• [Supplied material]
=== Begin Enclosure ===

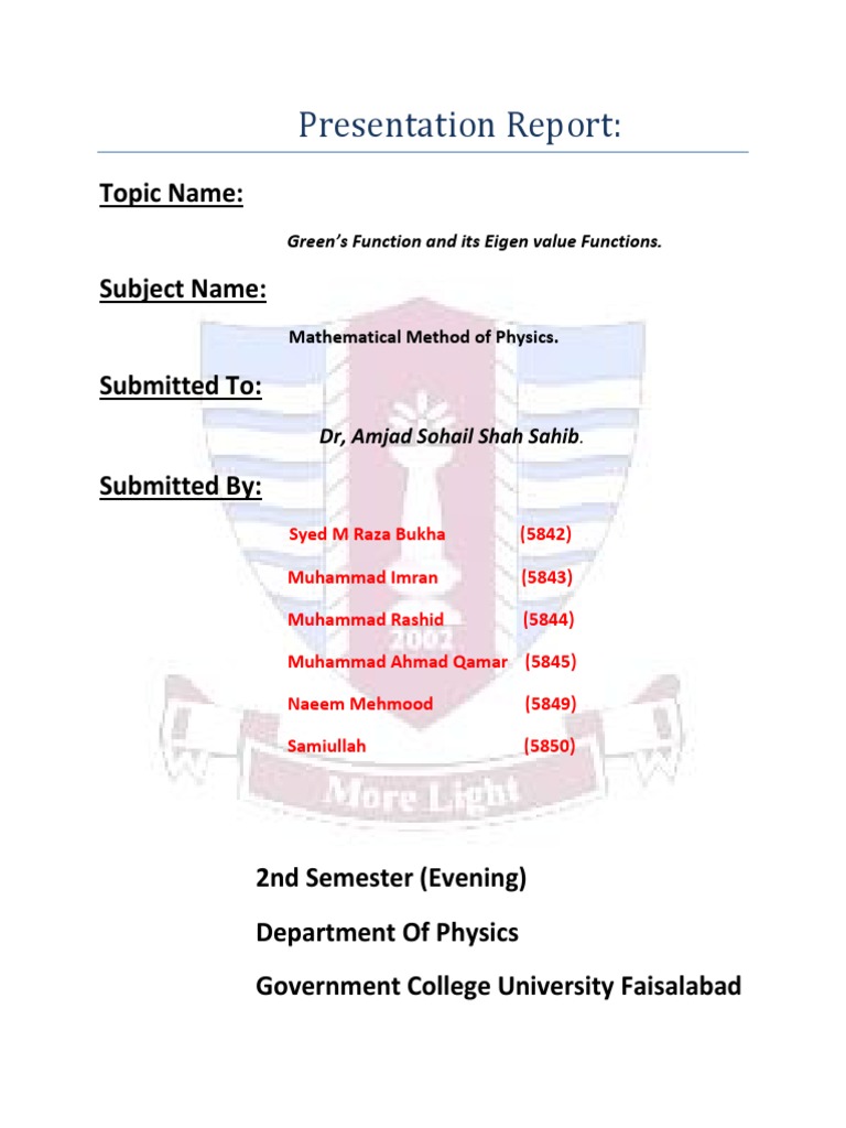 Let us further suppose that none of the λ n is zero. Then the Green function
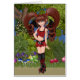 Darby the Roller Derby Fairy is a manga shoujo style faery and she is wearing a red top and skirt with hearts on her knee pads, red and black diamonds on her socks, and flames on her skates. She has black and red wings and big curly pig tails. She is skating near the woods past the beautifully coloured mushrooms. Illustration by KLeighE of Hinterland Harmony Art and Illustrations.
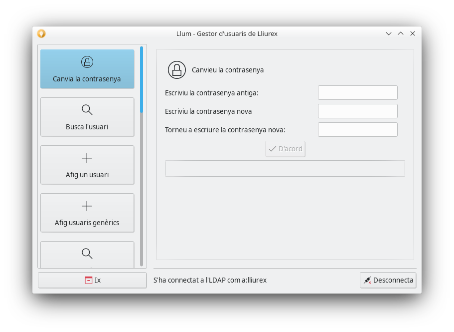 - Canviar la contrasenya de l'usuari
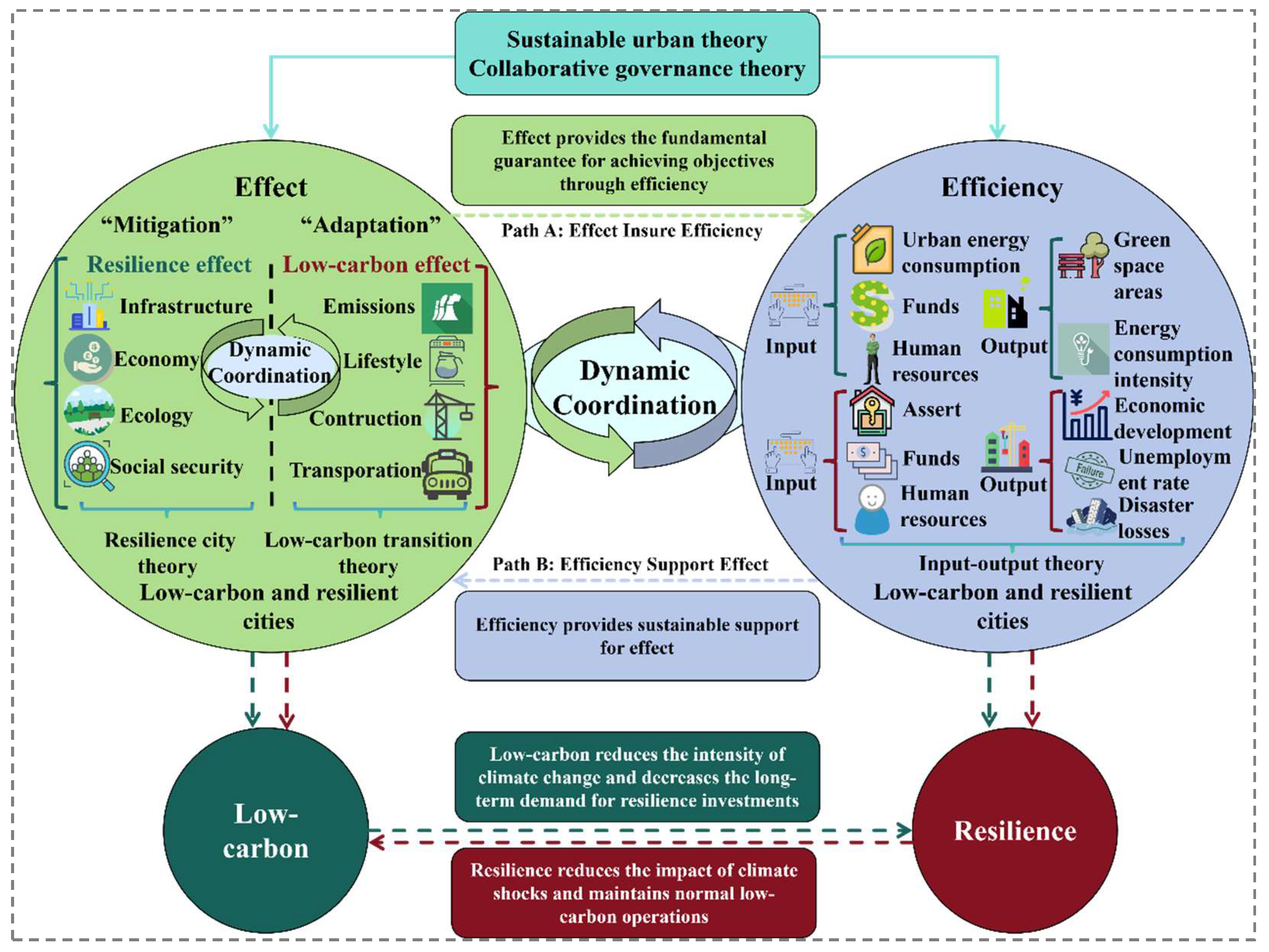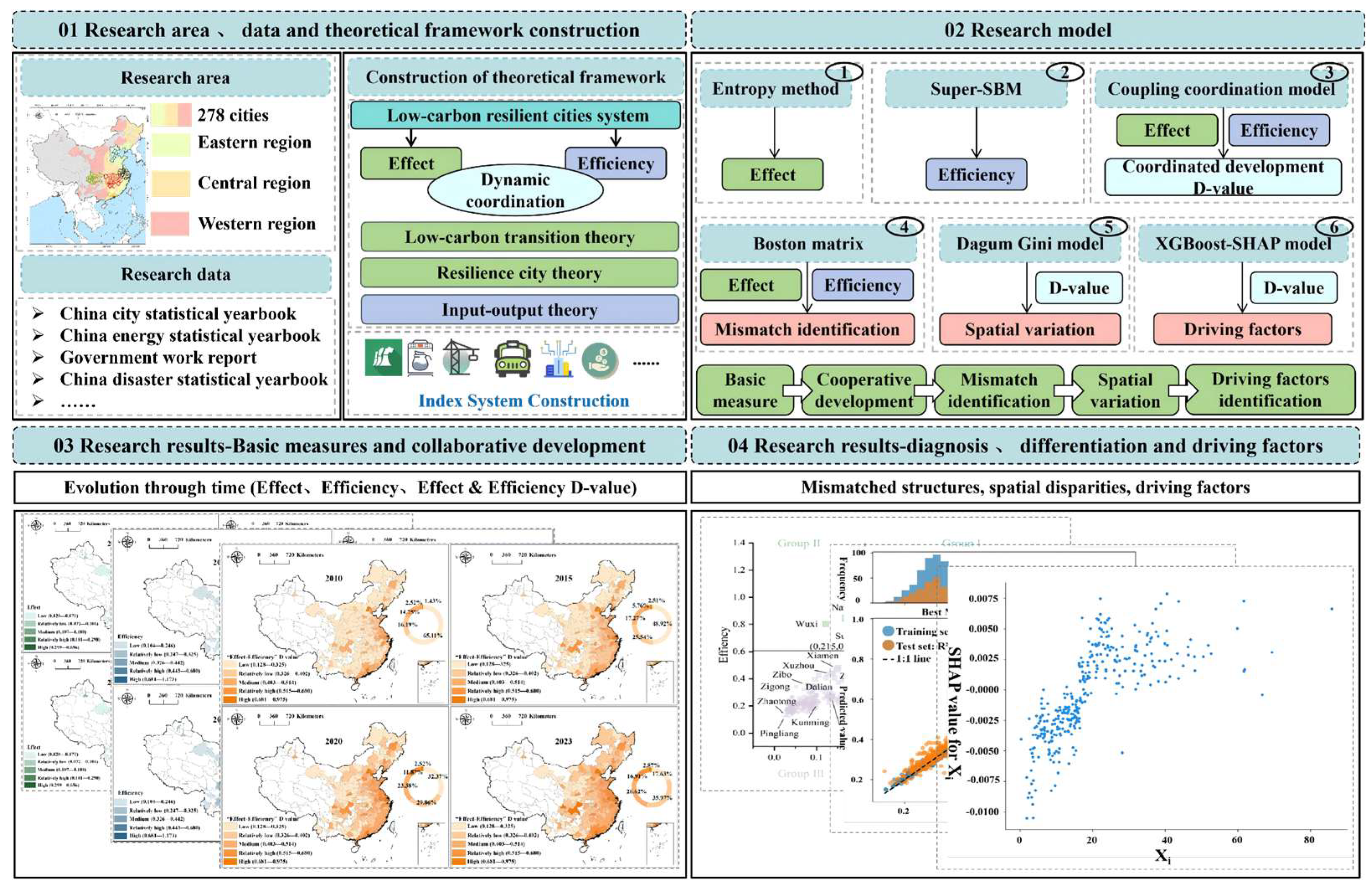 | Ref. [13] Green technologies and infrastructure development are key factors influencing the efficiency and effect of low-carbon, resilient transformation within urban systems | Advantage: Research into constructing an evaluation framework for assessing the efficiency of low-carbon, resilient transformation within urban systems; Limitations: Overlooking the significance of governance effect within urban systems |

=== End Enclosure ===

Produce a verbatim copy of the listing, leaving out all pictures.

• [Problem solution]
 Let us further suppose that none of the λ n is zero. Then the Green function
 Darby the Roller Derby Fairy is a manga shoujo style faery and she is wearing a red top and skirt with hearts on her knee pads, red and black diamonds on her socks, and flames on her skates. She has black and red wings and big curly pig tails. She is skating near the woods past the beautifully coloured mushrooms. Illustration by KLeighE of Hinterland Harmony Art and Illustrations.
 - Canviar la contrasenya de l'usuari
 | Ref. [13] Green technologies and infrastructure development are key factors influencing the efficiency and effect of low-carbon, resilient transformation within urban systems | Advantage: Research into constructing an evaluation framework for assessing the efficiency of low-carbon, resilient transformation within urban systems; Limitations: Overlooking the significance of governance effect within urban systems |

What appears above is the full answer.